Ele também precisa estar disposto a aconselhar alguém que queira seguir o mesmo caminho. Esse tipo de orientação é cada vez mais valorizado: existem até sites e aplicativos que podem ajudar interessados a encontrar mentores. A tendência também chegou ao mundo corporativo: grandes empresas, especialmente as grandes e as multinacionais, têm promovido programas institucionais para a troca de conhecimento entre colaboradores novatos e antigos.
Entenda papel
É importante destacar que um mentor é diferente de um coach. Enquanto o primeiro é um tipo de conselheiro, que você pode procurar nos momentos de dúvida; o segundo é uma espécie de provocador, que deve instigá-lo e ;treiná-lo; para alcançar algum objetivo. Um mentor é alguém mais experiente no seu ramo de atuação e capaz de aconselhar outro indivíduo. Não é necessário que ele passe por formação específica em mentoria para auxiliá-lo: a própria trajetória, os conhecimentos e as conquistas dele servem de base para orientar pessoas que pretendem trilhar ou trilham o mesmo caminho. Na hora de iniciar uma trajetória ou tomar uma decisão de carreira, é importante estar seguro da escolha e ciente das consequências.
Para as pessoas que não se sentem dessa forma, os mentores se tornam importantes aliados na caminhada profissional. A interferência de um conselheiro afeta o desempenho e a produtividade dos mentorados, indicam especialistas em gestão de pessoas. De acordo com Deise Gomes, gerente executiva da consultoria Thomas Case & Associados, o mentor funciona como um guia. ;Esse tipo de orientador ajuda o profissional a perceber as opções e escolher o melhor caminho;, afirma ela, que é master coach. ;Na maioria das vezes, é uma pessoa de dentro da empresa ou um conhecido que tem experiência de vida ou carreira que sirva para dar dicas;, completa.
Na visão do contratante
Deise Gomes, graduada em gestão de recursos humanos pela Universidade Anhembi Morumbi, auxilia empresas interessadas em implementar programas do tipo a estruturar mentores. Para ela, o método não deveria ser aplicado apenas na área profissional, mas nos outros aspectos da vida também. ;Todas as pessoas deveriam passar por mentoria uma vez, sem dúvida;, considera. ;Temos grandes corporações multinacionais e nacionais com RHs mais estruturados, que têm trazido a técnica para dentro de suas organizações;, completa.

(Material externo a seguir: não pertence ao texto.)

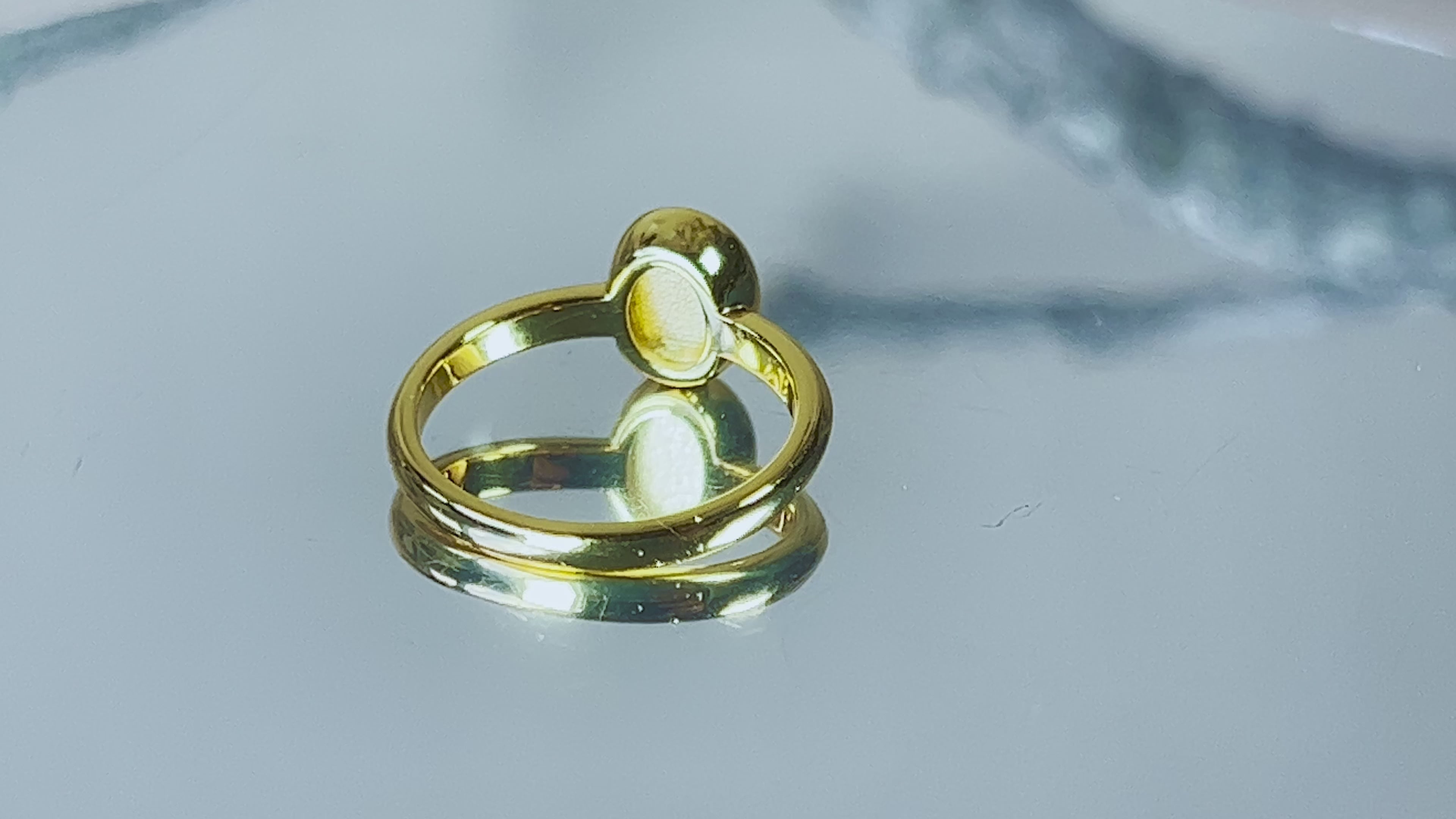 Gold plated sterling silver solitaire bezel set ring8x6mm Australian White Opal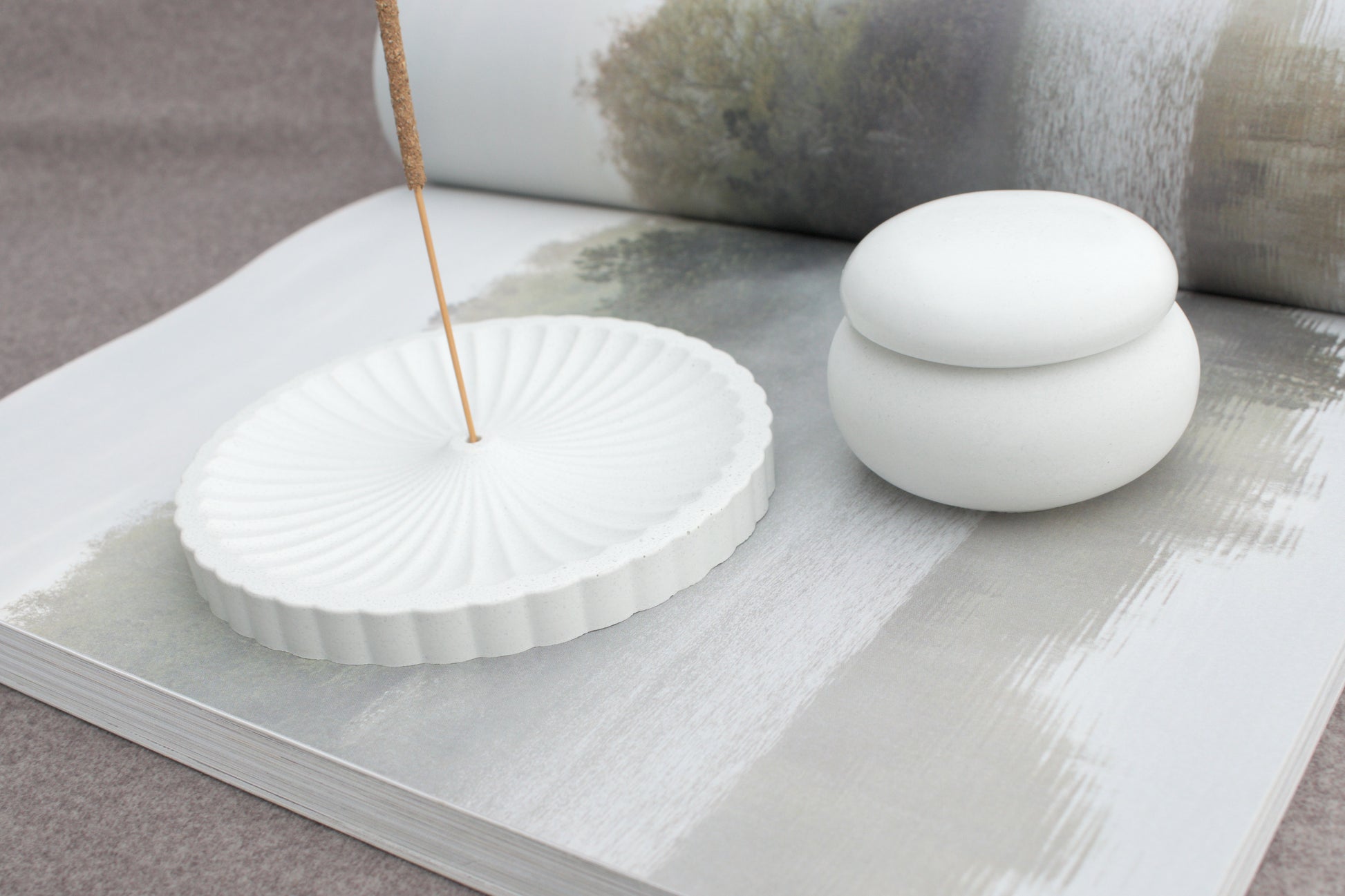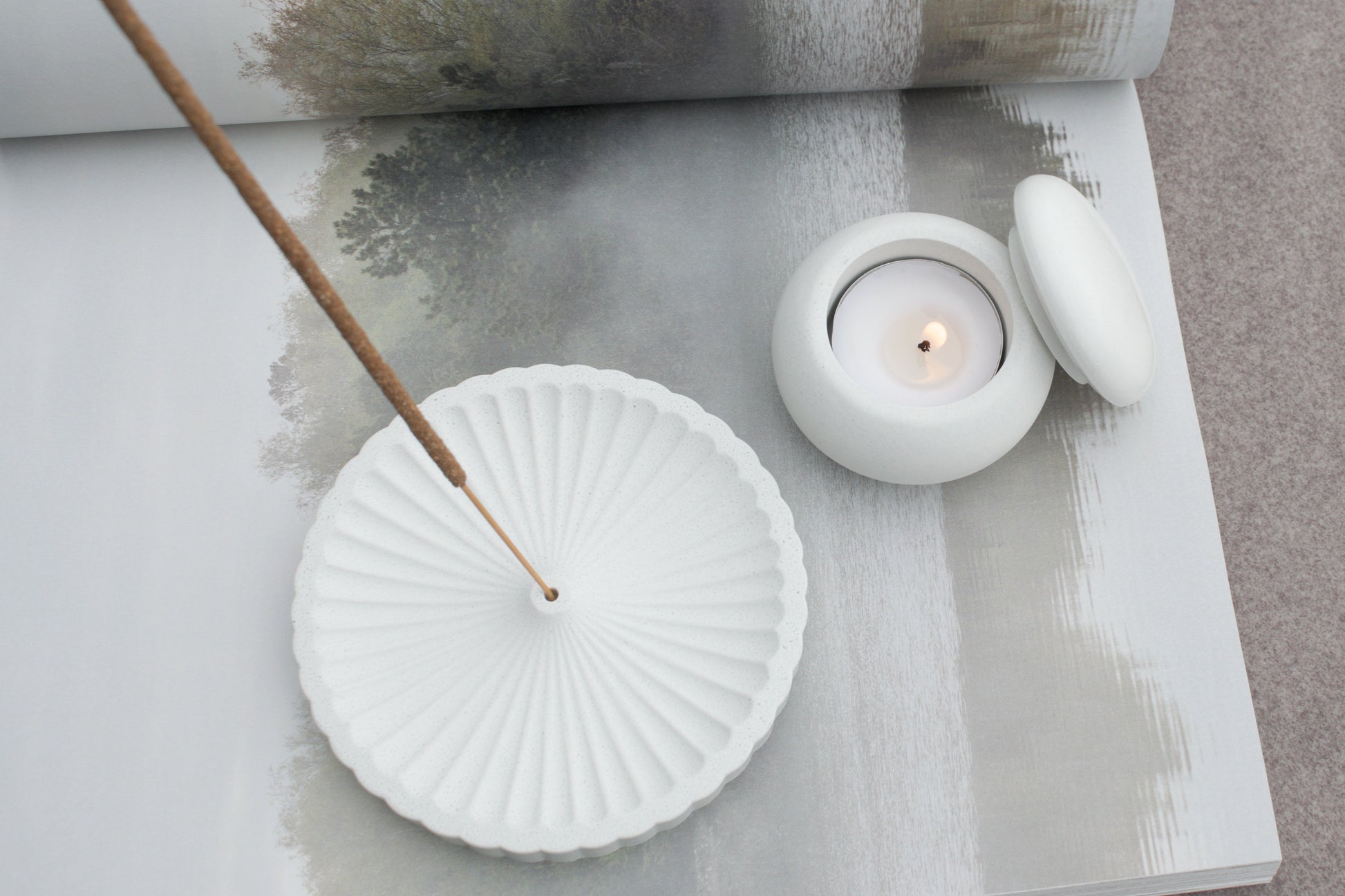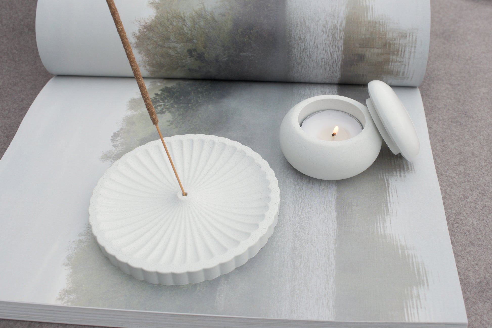 Set aus Räucherstäbchenhalter und Teelichthalter aus weißem Beton – Hygge & Spiritualität

No mundo corporativo, ela explica, o público-alvo dos programas institucionais de mentoria é quem trabalha nos níveis executivos e administrativos de uma empresa. Érika Gagliardi, professora de administração do Centro Universitário de Brasília (UniCeub), ressalta que investir na aprendizagem do colaborador é uma tendência entre empregadores, inclusive por meio de iniciativas do tipo. ;É possível notar que cada vez mais empresas, especialmente as grandes, apostam em programas de mentoria e coaching;, afirma a administradora, especialista em recursos humanos e mestre em gestão do conhecimento pela Universidade Católica de Brasília (UCB).
;Os setores de recursos humanos estão buscando desenvolver algumas habilidades. Esse tipo de processo é mais eficaz para o aprendizado de competências-chave por parte dos colaboradores do que outras alternativas, como oferecer cursos;, continua. Os contratantes valorizam cada vez mais atributos comportamentais, como resiliência e flexibilidade. Em vez de priorizar capacidades técnicas, preferem recrutar pessoas aptas a mudar. ;Os RHs estão contratando empregados que sejam capazes de se adaptar e aprender coisas novas;, afirma Érika.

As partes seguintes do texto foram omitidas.